Единство мира природы и изменчивость, неустанное течение времени, его быстротечность, неотвратимость его циклов… Нескончаемое движение по поверхности и потенция устремления вглубь — зримого мира, в глубины подсознания, в глубь истории, в «колодец» прошлого… Ощущение зыбкости времени и пространства — завершенной гармонии космоса и бесконечности изначального Древнего хаоса… По природе эти идеи, вдохновлявшие художника в его работе над циклом «Времена дня», близки музыке. Они требовали особого характера образного строя, особого склада живописи, в которых музыкальному началу принадлежала важная роль. И кажется, что музыка все более и более властно начала влиять на кристаллизацию живописно-пластической системы образов Врубеля.

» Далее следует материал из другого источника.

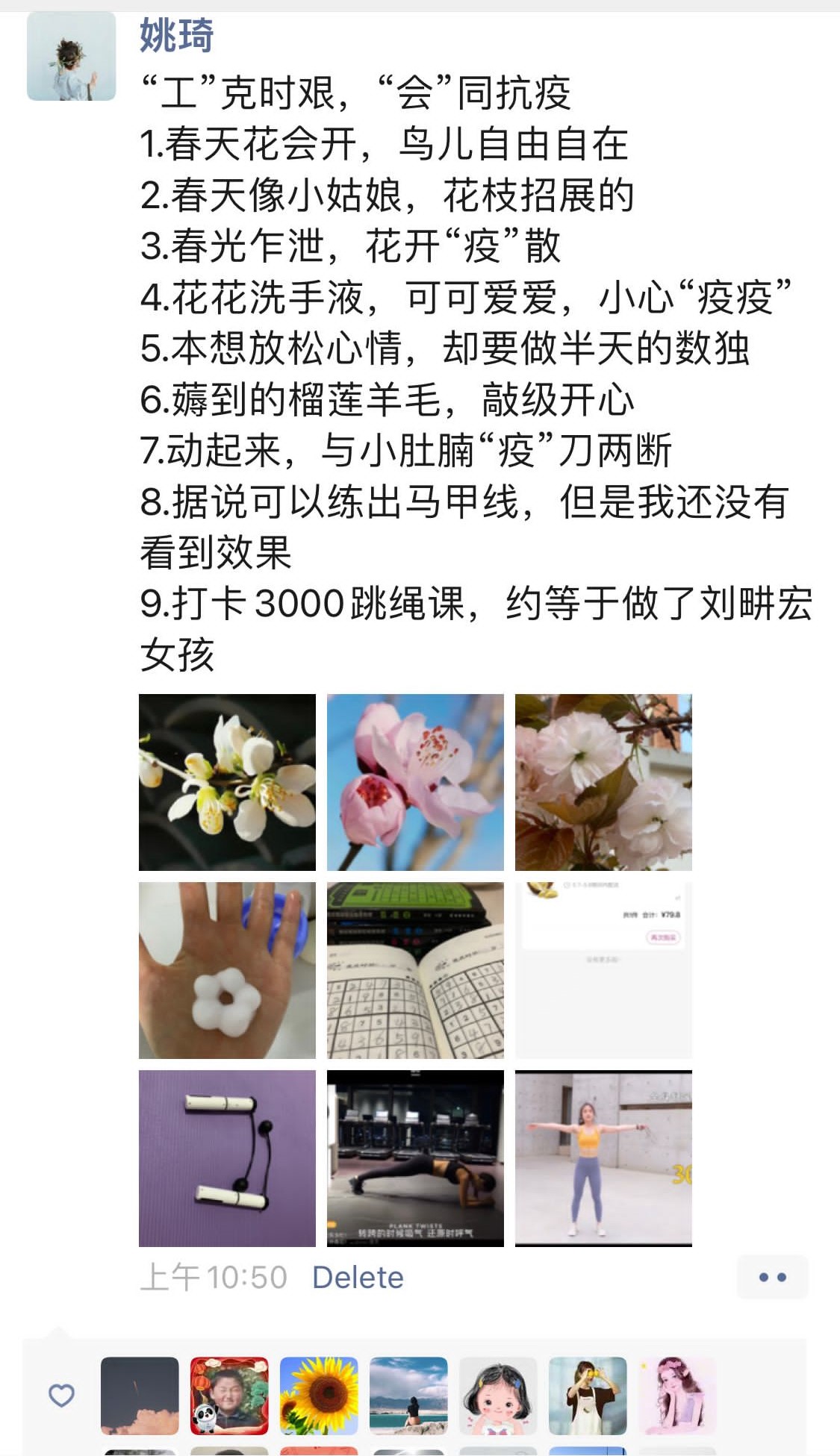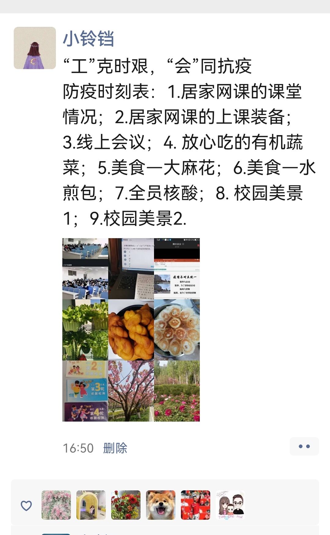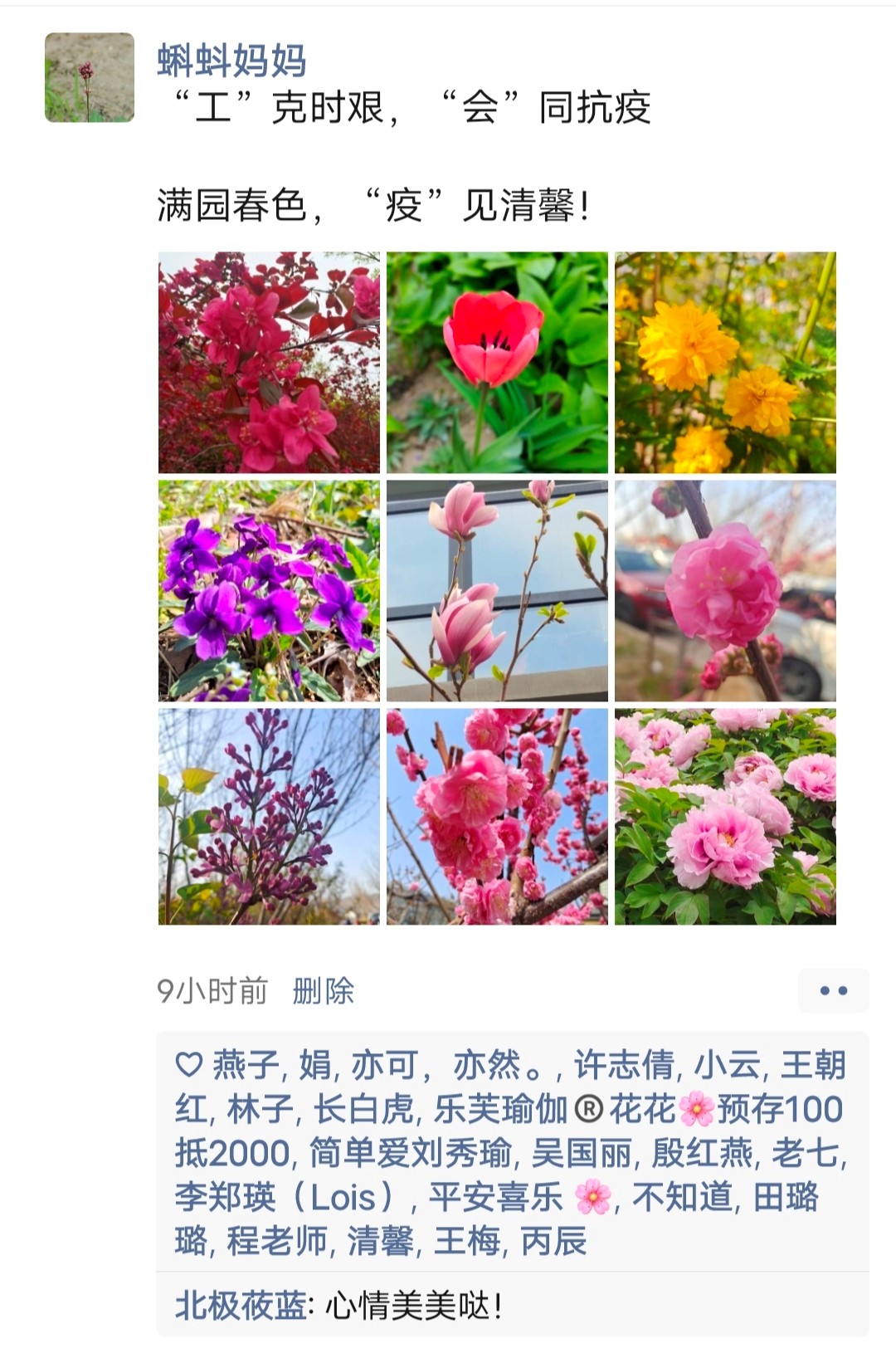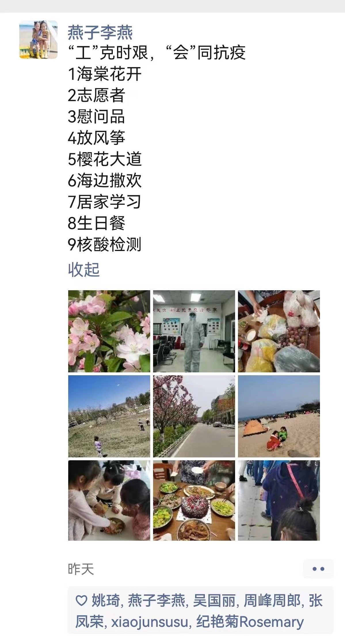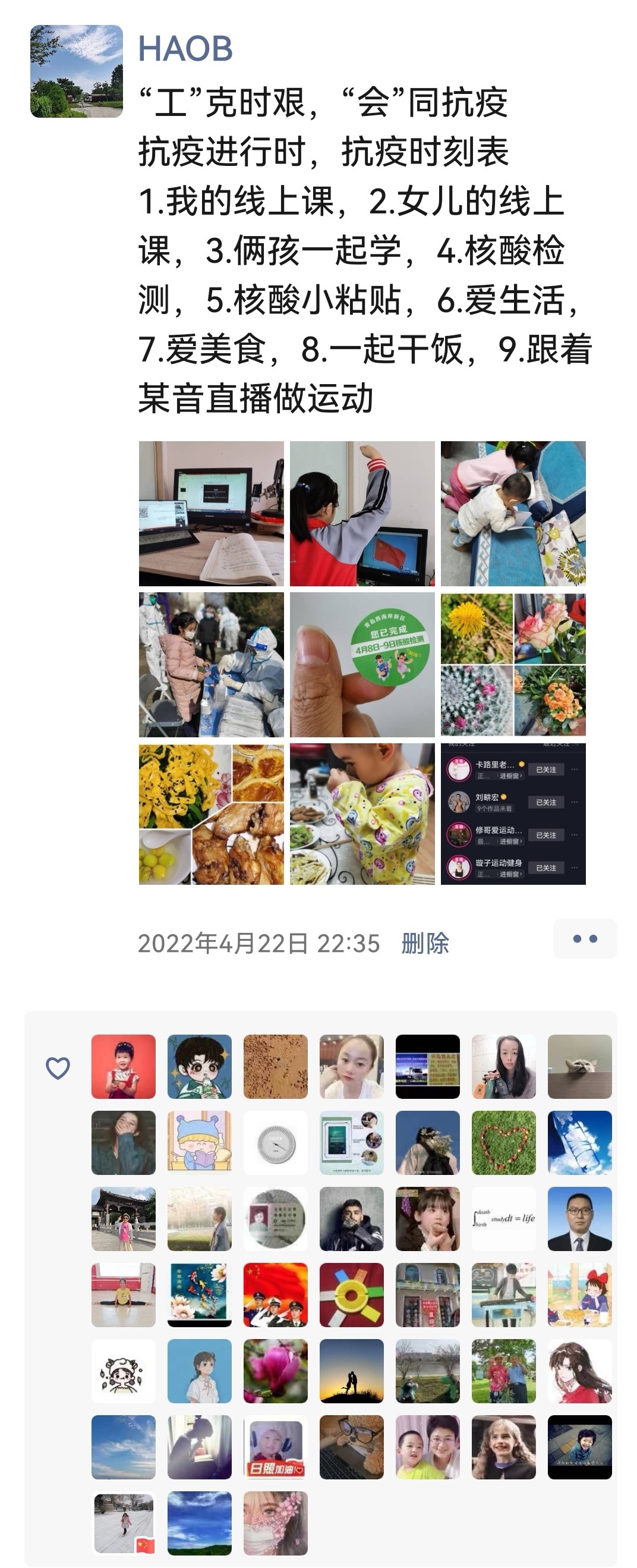 “疫”来我“往”-不慌不忙+SUNBET申博+吕炜 在新一轮新冠疫情影响下,为积极响应公司号召,自觉做疫情防控的实践者、示范者,师生健康的关爱者、守护者,同心抗疫的志愿者、参与者。校工会组织了“‘工’克时艰 ,‘会’同抗疫”----我的“朋友圈”展示评比活动。公司56位老师积极参加此次活动,经过公司评比,选送30件作品参加展评并获优秀奖,公司工会获评优秀组织单位。

Этому помогали обстоятельства. Можно было бы сказать, что существование четы Врубель в это время проходило «под знаком» музыки, ибо Врубель по-прежнему принимал близко к сердцу, более того — как нечто кровно себе необходимое музыкальную деятельность своей жены. Теперь он был захвачен музыкой «Богемы» и партией Мими, которую Забела репетировала. Во время ежедневных занятий Забелы с Яновским — композитором, вызванным специально на хутор, ее работы над ролью, принимая во всем этом непосредственное участие, порой давая ценные советы, Врубель проникался законами того «бессловесного» искусства, каким является музыка. С того момента, как началось проигрывание «Богемы» и разучивание роли Мими Забелой, какая-то дополнительная сила стала влиять на работу художника. Думается, что важна была для него сейчас не конкретная музыка самой оперы Пуччини, а музыкальная стихия. Врубель был и оставался романтиком. И теперь замыслы, еще более близкие музыке, забрезжили в воображении мастера. Его воодушевляло стремление почувствовать и выразить пластически, живописно, как он выражался, неосознанные мечты детства, связанные с природой, открывающейся наивному сознанию, с ее таинственностью.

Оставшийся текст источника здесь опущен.